Exercise brief: Could you retype exactly the lines below between the one holding "wholesale  Sheath /" and the one holding "距离苏州市第九人民医院(三乙", inclusive, leaving out any pictures?
Excerpted data START
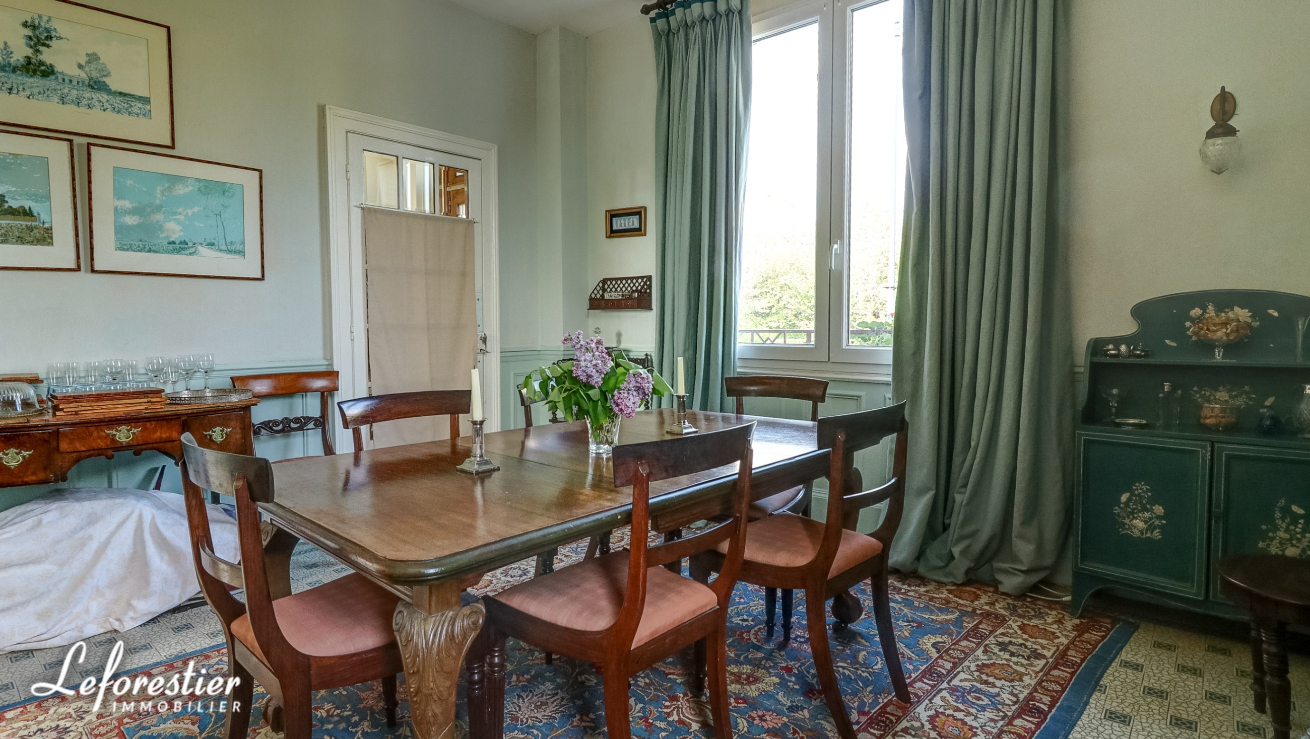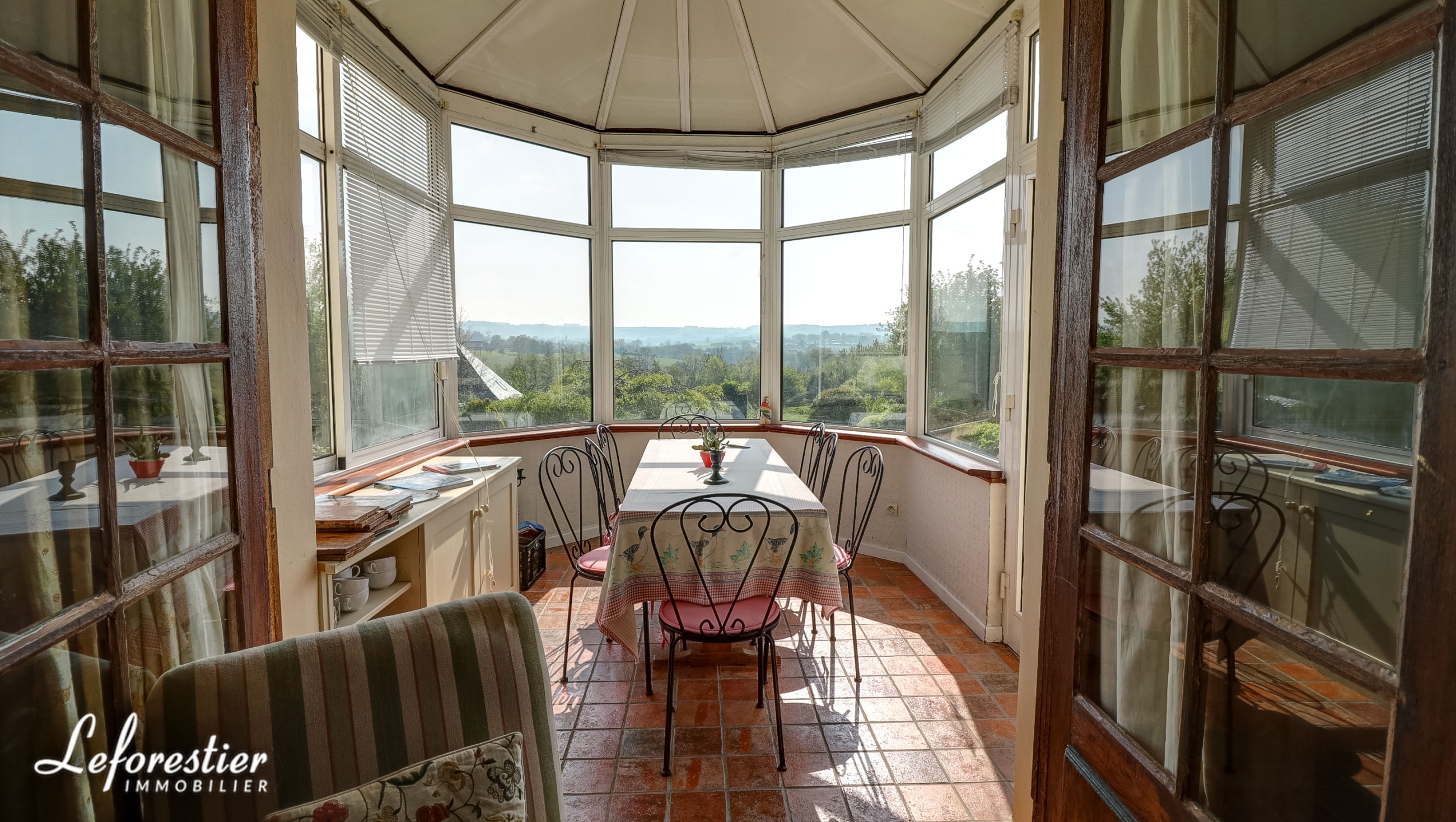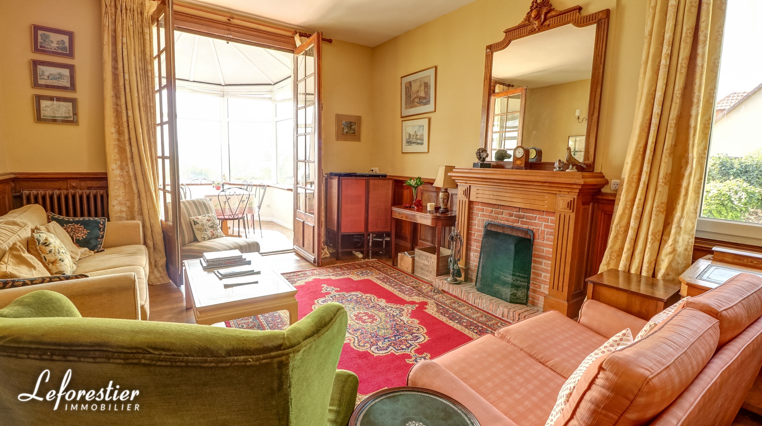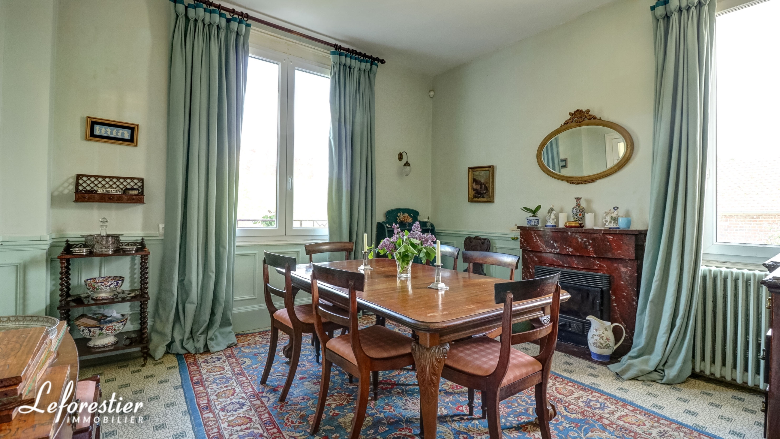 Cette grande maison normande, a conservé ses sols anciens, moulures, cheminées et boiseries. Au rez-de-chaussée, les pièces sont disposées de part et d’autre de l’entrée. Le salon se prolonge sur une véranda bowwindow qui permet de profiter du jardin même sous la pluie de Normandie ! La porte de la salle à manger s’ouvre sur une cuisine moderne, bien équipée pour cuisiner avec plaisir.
Excerpted data END
Excerpted data START
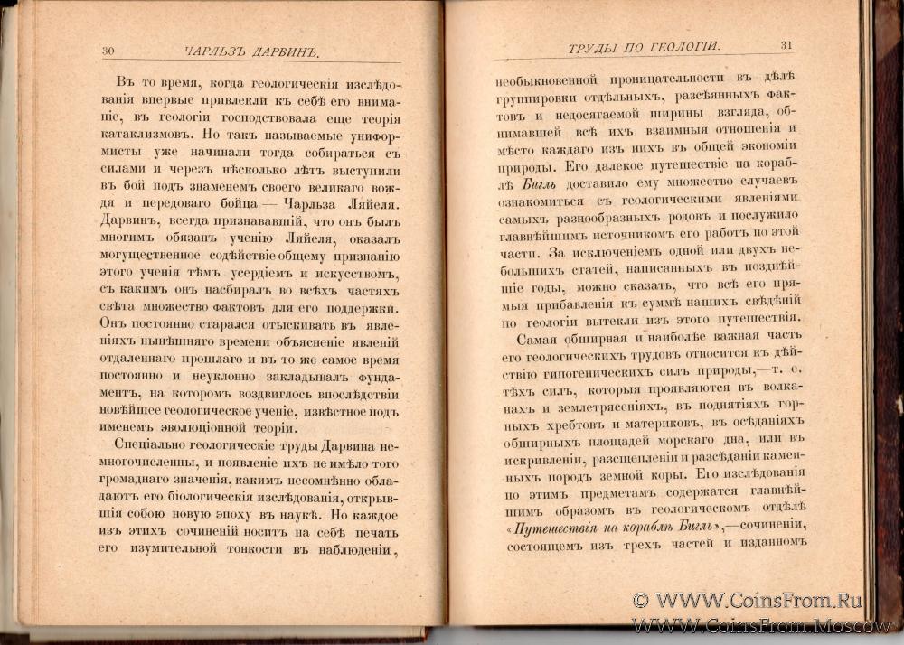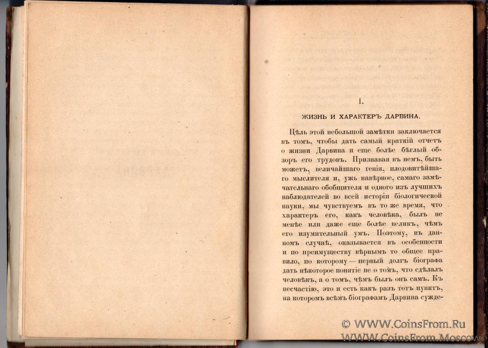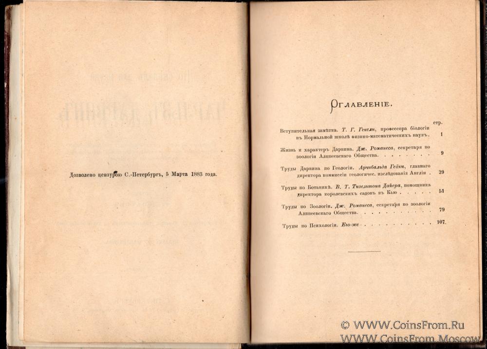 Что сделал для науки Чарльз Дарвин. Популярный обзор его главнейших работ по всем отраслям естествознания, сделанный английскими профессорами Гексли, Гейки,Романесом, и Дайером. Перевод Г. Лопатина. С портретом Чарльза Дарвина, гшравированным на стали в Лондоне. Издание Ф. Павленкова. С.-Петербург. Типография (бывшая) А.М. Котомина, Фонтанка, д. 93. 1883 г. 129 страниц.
Excerpted data END
Excerpted data START
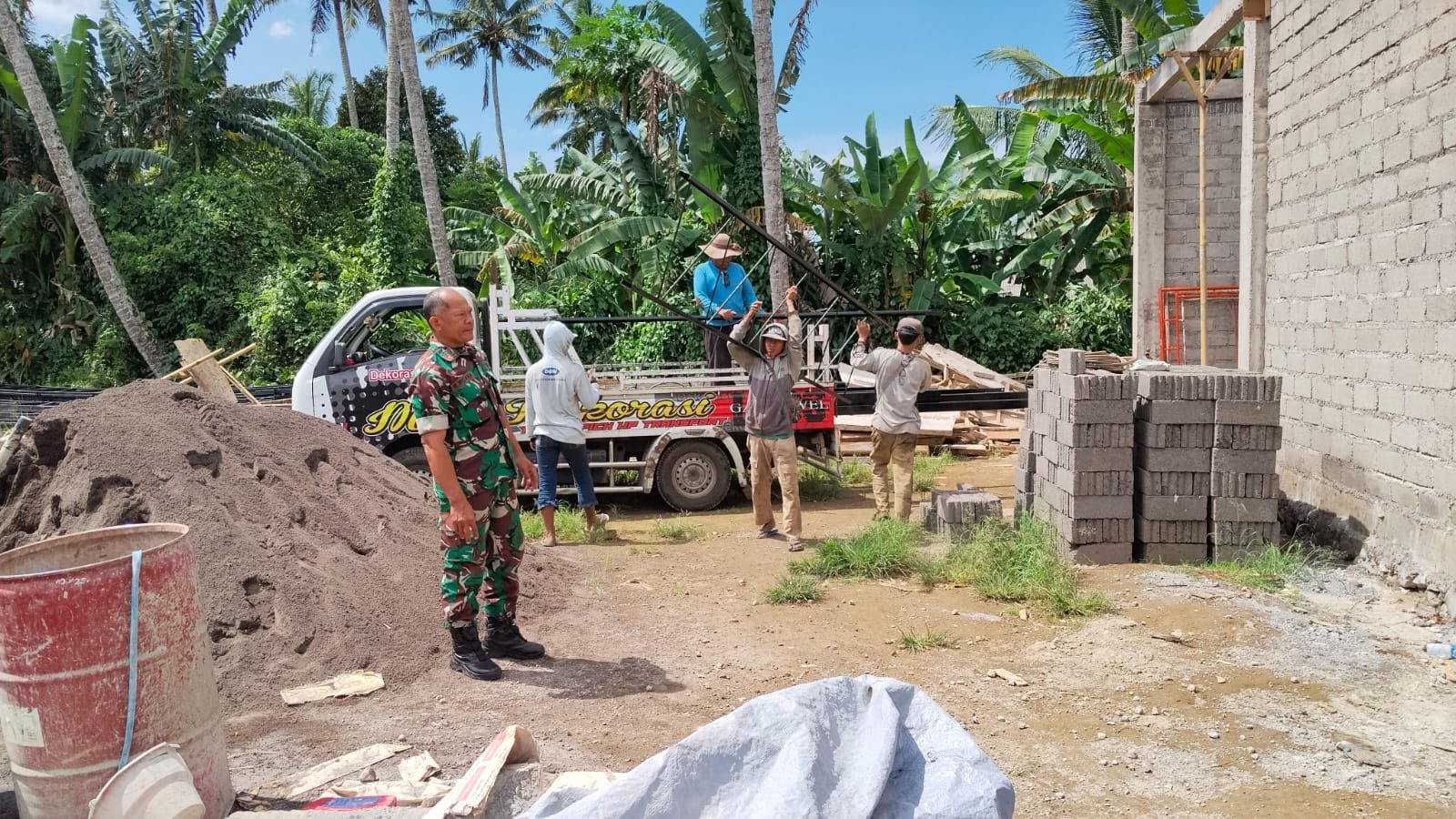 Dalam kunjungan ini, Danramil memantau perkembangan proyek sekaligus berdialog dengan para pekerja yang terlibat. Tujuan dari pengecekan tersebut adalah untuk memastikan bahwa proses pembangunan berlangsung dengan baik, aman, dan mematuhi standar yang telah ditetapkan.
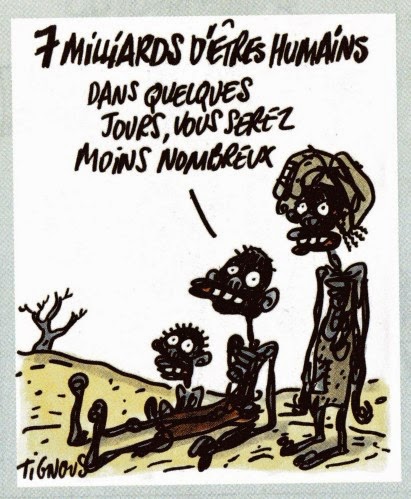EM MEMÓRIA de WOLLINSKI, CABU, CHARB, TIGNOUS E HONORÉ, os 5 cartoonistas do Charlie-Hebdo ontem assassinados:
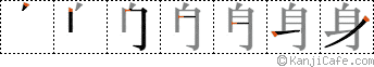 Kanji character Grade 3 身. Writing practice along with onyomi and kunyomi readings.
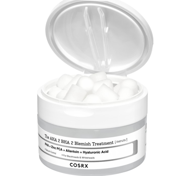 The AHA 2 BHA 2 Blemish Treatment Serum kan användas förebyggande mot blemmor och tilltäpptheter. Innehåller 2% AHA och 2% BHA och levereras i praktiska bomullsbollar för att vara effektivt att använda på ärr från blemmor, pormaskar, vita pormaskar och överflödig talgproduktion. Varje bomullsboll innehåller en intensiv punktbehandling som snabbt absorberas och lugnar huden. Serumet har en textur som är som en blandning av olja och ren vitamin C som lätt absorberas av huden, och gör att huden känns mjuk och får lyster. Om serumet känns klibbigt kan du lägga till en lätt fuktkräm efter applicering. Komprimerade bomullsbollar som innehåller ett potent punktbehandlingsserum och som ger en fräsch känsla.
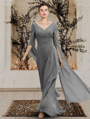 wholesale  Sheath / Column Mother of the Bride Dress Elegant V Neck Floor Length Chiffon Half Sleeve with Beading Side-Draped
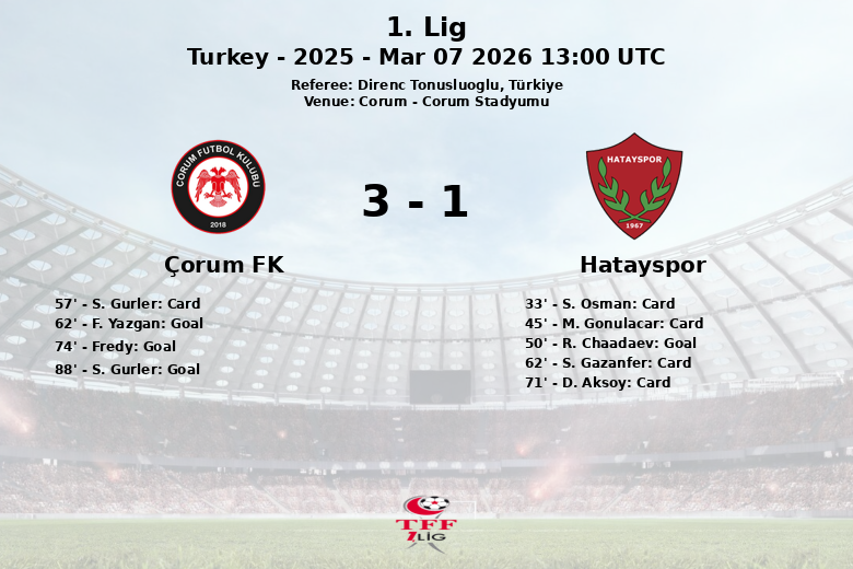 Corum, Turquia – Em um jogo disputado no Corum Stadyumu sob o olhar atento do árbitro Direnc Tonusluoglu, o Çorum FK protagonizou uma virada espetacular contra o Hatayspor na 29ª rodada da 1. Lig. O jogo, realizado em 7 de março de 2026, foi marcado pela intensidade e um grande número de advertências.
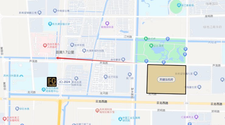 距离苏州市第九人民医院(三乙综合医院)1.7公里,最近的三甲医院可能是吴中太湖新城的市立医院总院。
Excerpted data END
Solution:
 wholesale  Sheath / Column Mother of the Bride Dress Elegant V Neck Floor Length Chiffon Half Sleeve with Beading Side-Draped
 Corum, Turquia – Em um jogo disputado no Corum Stadyumu sob o olhar atento do árbitro Direnc Tonusluoglu, o Çorum FK protagonizou uma virada espetacular contra o Hatayspor na 29ª rodada da 1. Lig. O jogo, realizado em 7 de março de 2026, foi marcado pela intensidade e um grande número de advertências.
 距离苏州市第九人民医院(三乙综合医院)1.7公里,最近的三甲医院可能是吴中太湖新城的市立医院总院。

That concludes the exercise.